Tomorrow we are visiting another nearby area for more of the same. Thanks to all of you for the support and encouragement. It is deeply appreciated.
*ETHIOPIA DISPATCH - FEB 4, 2011: “Bujuga” *
Just a quick story today. Sorry it is bleak, but ultimately I think we have to face some of the darkness that surrounds these issues.
Bujuga was eight years old and living in a small village in Ethiopia. She was tall and very pretty. Her parents were farmers. She had started school, and although still in a very early grade, she was a good student. One day her aunt came by her house and asked Bujuga to come for a visit. Her aunt lived in another village, but Bujuga went. After she had been at her aunt’s house a day, a young man came with several friends and forcibly abducted her. Horrifyingly, this had been arranged by her aunt, who was paid for Bujuga.

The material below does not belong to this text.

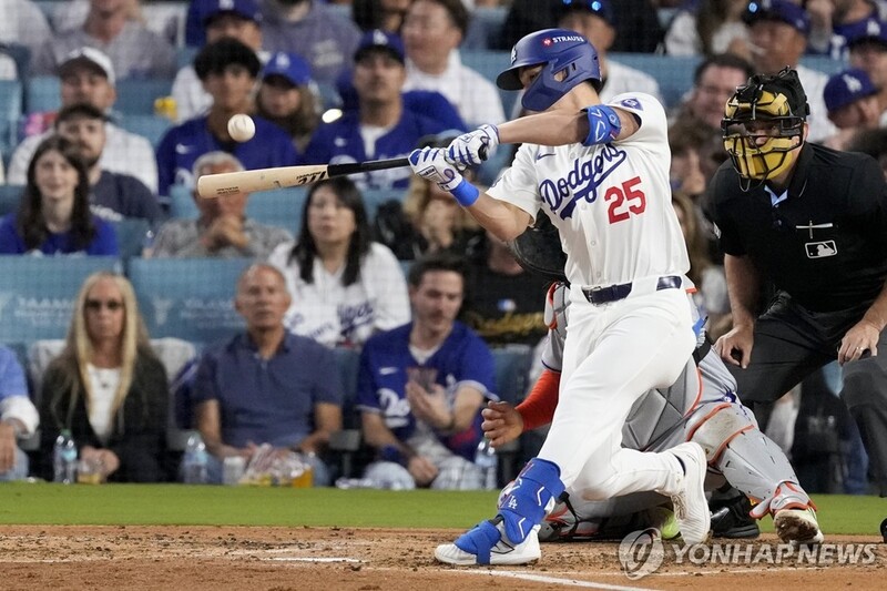 에드먼 4타점…다저스, 양키스와 43년만에 MLB 월드시리즈 격돌

After she was abducted, she was subjected to FGM (genital mutilation). A few days later she was married to her abductor and raped. Did I mention she was eight? Her parents did not know what had happened to her. Sadly when her father learned what had happened to her he did not rescue her or call the police. Instead he received some money from the aunt, and accepted the marriage of his daughter. I’m not clear on the details of how her case came to the attention of the authorities and World Vision. But thankfully, it did. After a few weeks she was rescued. Her abductor and her aunt both went to prison for ten years. Bujuga’s father was sentenced to two years for accepting the money.
This kind of thing is becoming more rare in Ethiopia, but it is not nearly as rare as you would think. In most communities, the reaction to these abductions is not to call the police, but to reconcile themselves to an unfortunate marriage. The lines between arranged marriage, forced marriage, and abduction are not always very clear.
The good news about this story is that Bujuga is incredibly strong, and getting help. In spite of the stigma now attached to her, she is in school and working hard. She is 14 now. Her father is home from prison, and they do not have a good relationship. But her friends adore her, and World Vision offers her counseling and support. She is a brave girl.We had another good day today, which I promise to update you on soon.